Records supplied
☆ ☆ ☆ ☆ ☆ ☆ ☆
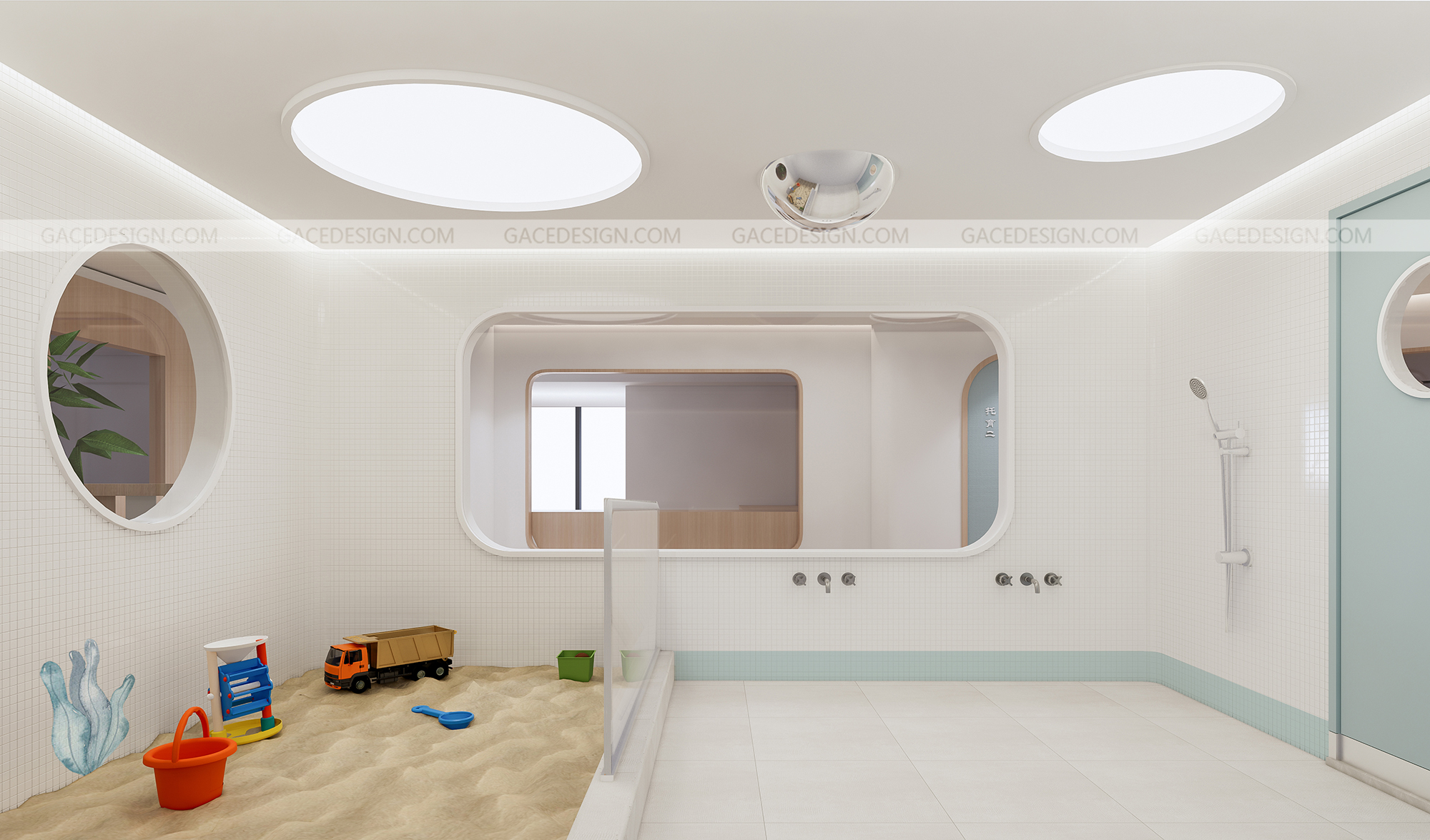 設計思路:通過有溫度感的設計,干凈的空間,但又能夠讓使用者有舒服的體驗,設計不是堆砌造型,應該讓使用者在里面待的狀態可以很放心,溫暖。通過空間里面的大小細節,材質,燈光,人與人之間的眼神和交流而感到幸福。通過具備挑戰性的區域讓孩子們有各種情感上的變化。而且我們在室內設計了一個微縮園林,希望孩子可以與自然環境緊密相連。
☆ ☆ ☆ ☆ ☆ ☆ ☆
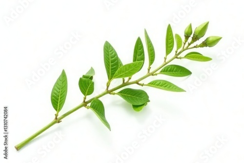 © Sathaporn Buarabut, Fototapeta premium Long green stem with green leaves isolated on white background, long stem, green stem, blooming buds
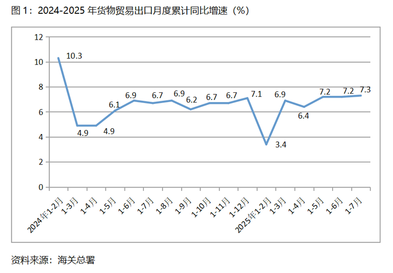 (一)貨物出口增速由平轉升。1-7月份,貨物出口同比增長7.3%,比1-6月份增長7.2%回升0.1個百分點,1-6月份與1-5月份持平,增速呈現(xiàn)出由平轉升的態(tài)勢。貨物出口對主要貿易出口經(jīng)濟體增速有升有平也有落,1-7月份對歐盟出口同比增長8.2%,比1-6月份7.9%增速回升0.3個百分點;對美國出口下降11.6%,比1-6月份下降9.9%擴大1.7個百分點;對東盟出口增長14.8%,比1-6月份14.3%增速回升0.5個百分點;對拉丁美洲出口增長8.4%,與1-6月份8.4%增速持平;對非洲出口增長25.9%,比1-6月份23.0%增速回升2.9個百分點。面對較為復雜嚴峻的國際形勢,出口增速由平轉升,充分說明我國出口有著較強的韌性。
☆ ☆ ☆ ☆ ☆ ☆ ☆
Exercise
In the data above, the stretch from the line with "stem, blooming buds" through the line with "(一)貨物出口增速由平轉升。" is to be returned exactly, minus any pictures.

Exercise answer
 © Sathaporn Buarabut, Fototapeta premium Long green stem with green leaves isolated on white background, long stem, green stem, blooming buds
 (一)貨物出口增速由平轉升。1-7月份,貨物出口同比增長7.3%,比1-6月份增長7.2%回升0.1個百分點,1-6月份與1-5月份持平,增速呈現(xiàn)出由平轉升的態(tài)勢。貨物出口對主要貿易出口經(jīng)濟體增速有升有平也有落,1-7月份對歐盟出口同比增長8.2%,比1-6月份7.9%增速回升0.3個百分點;對美國出口下降11.6%,比1-6月份下降9.9%擴大1.7個百分點;對東盟出口增長14.8%,比1-6月份14.3%增速回升0.5個百分點;對拉丁美洲出口增長8.4%,與1-6月份8.4%增速持平;對非洲出口增長25.9%,比1-6月份23.0%增速回升2.9個百分點。面對較為復雜嚴峻的國際形勢,出口增速由平轉升,充分說明我國出口有著較強的韌性。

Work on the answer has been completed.